(About this exercise):
Every line below is to be given again precisely; images are to be left out.

(Given information):
####################

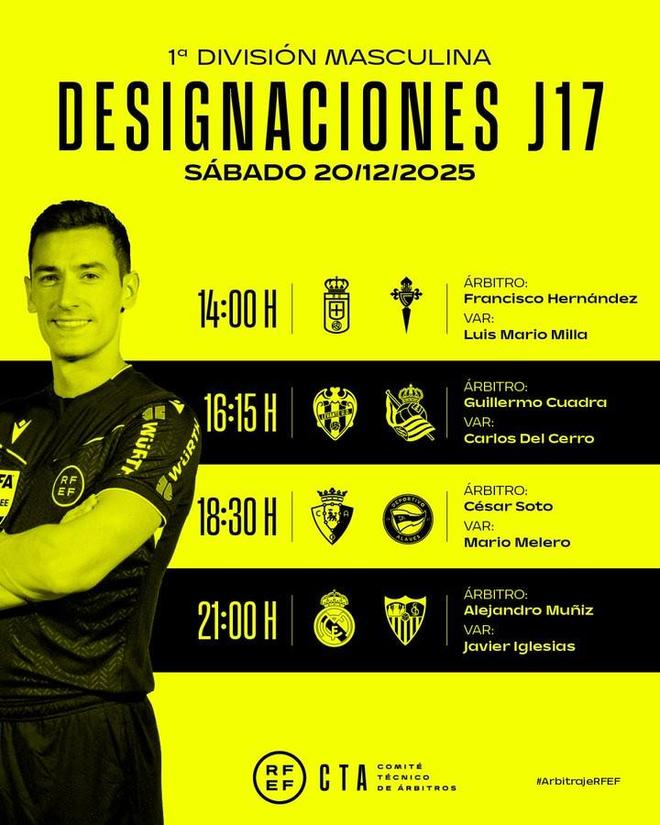 西班牙足協公布了聯賽第17輪第2比賽日的裁判名單,穆尼斯執法皇馬vs塞維利亞。
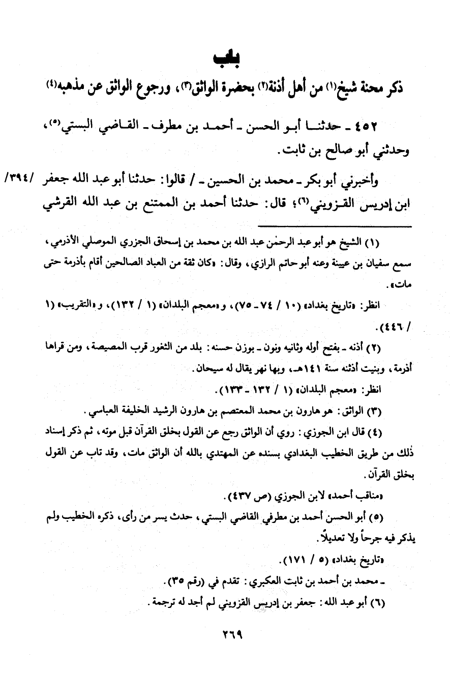 444 - حَدَّثَنَا أَبُو إِسْحَاقَ إِبْرَاهِيمُ بْنُ إِسْحَاقَ الشِّيرَجِيُّ، قَالَ: حَدَّثَنَا الْمَرُّوذِيُّ، قَالَ: سَمِعْتُ أَبَا عَبْدِ اللَّهِ، يَقُولُ: «لَمَّا ضُرِبْتُ كَانَا جَلَّادَيْنِ يَضْرِبُ كُلُّ وَاحِدٍ مِنْهُمَا سَوْطًا وَيَتَنَحَّى وَيَضْرِبُ الْآخَرُ سَوْطًا وَيَتَنَحَّى». قُلْتُ: قَامَ إِلَيْكَ أَبُو إِسْحَاقَ مَرَّتَيْنِ؟ قَالَ: " أَمَّا مَرَّةً، فَأَحْفَظُ أَنَّهُ خَرَجَ إِلَى الرِّوَاقِ، وَقَالَ: خُذُوهُ، §فَأَخَذُوا بِضُبُعَيَّ وَجَرُّونِي نَحْوًا مِنْ مِائَةِ ذِرَاعٍ إِلَى الْعَقَابِينِ فَخَلَّعُونِي، وَأَنَا أَجِدُ ذَلِكَ فِي كَتِفَيَّ إِلَى السَّاعَةِ، وَكَانَ عَلَيَّ شَعْرٌ كَثِيرٌ، وَانْقَطَعَتْ تِكَّتِي، فَقُلْتُ: الْآنَ تَسُودُ، يَعْنِي: وَهُوَ بَيْنَهُمْ، قُلْتُ: مَنْ نَاوَلَكَ خَيْطًا فِي ذَلِكَ الْمَوْضِعِ؟ قَالَ: لَا أَدْرِي، فَشَدَدْتُ سَرَاوِيلِي، وَأُخْبِرْتُ أَنَّهُمْ خَلَعُوا الْقَمِيصَ وَلَمْ يَخْرِقُوهُ، وَكَانَ فِي كُمِّهِ شَعْرُ النَّبِيِّ صَلَّى اللَّهُ عَلَيْهِ وَسَلَّمَ "
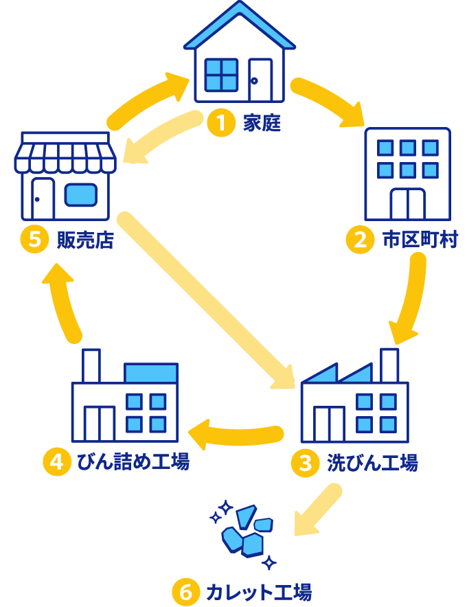 - 自治体、小売店と協力してリターナブルびんの回収、選別、処理を担当するびん専門事業者

####################

(Solution for this task):
 西班牙足協公布了聯賽第17輪第2比賽日的裁判名單,穆尼斯執法皇馬vs塞維利亞。
 444 - حَدَّثَنَا أَبُو إِسْحَاقَ إِبْرَاهِيمُ بْنُ إِسْحَاقَ الشِّيرَجِيُّ، قَالَ: حَدَّثَنَا الْمَرُّوذِيُّ، قَالَ: سَمِعْتُ أَبَا عَبْدِ اللَّهِ، يَقُولُ: «لَمَّا ضُرِبْتُ كَانَا جَلَّادَيْنِ يَضْرِبُ كُلُّ وَاحِدٍ مِنْهُمَا سَوْطًا وَيَتَنَحَّى وَيَضْرِبُ الْآخَرُ سَوْطًا وَيَتَنَحَّى». قُلْتُ: قَامَ إِلَيْكَ أَبُو إِسْحَاقَ مَرَّتَيْنِ؟ قَالَ: " أَمَّا مَرَّةً، فَأَحْفَظُ أَنَّهُ خَرَجَ إِلَى الرِّوَاقِ، وَقَالَ: خُذُوهُ، §فَأَخَذُوا بِضُبُعَيَّ وَجَرُّونِي نَحْوًا مِنْ مِائَةِ ذِرَاعٍ إِلَى الْعَقَابِينِ فَخَلَّعُونِي، وَأَنَا أَجِدُ ذَلِكَ فِي كَتِفَيَّ إِلَى السَّاعَةِ، وَكَانَ عَلَيَّ شَعْرٌ كَثِيرٌ، وَانْقَطَعَتْ تِكَّتِي، فَقُلْتُ: الْآنَ تَسُودُ، يَعْنِي: وَهُوَ بَيْنَهُمْ، قُلْتُ: مَنْ نَاوَلَكَ خَيْطًا فِي ذَلِكَ الْمَوْضِعِ؟ قَالَ: لَا أَدْرِي، فَشَدَدْتُ سَرَاوِيلِي، وَأُخْبِرْتُ أَنَّهُمْ خَلَعُوا الْقَمِيصَ وَلَمْ يَخْرِقُوهُ، وَكَانَ فِي كُمِّهِ شَعْرُ النَّبِيِّ صَلَّى اللَّهُ عَلَيْهِ وَسَلَّمَ "
 - 自治体、小売店と協力してリターナブルびんの回収、選別、処理を担当するびん専門事業者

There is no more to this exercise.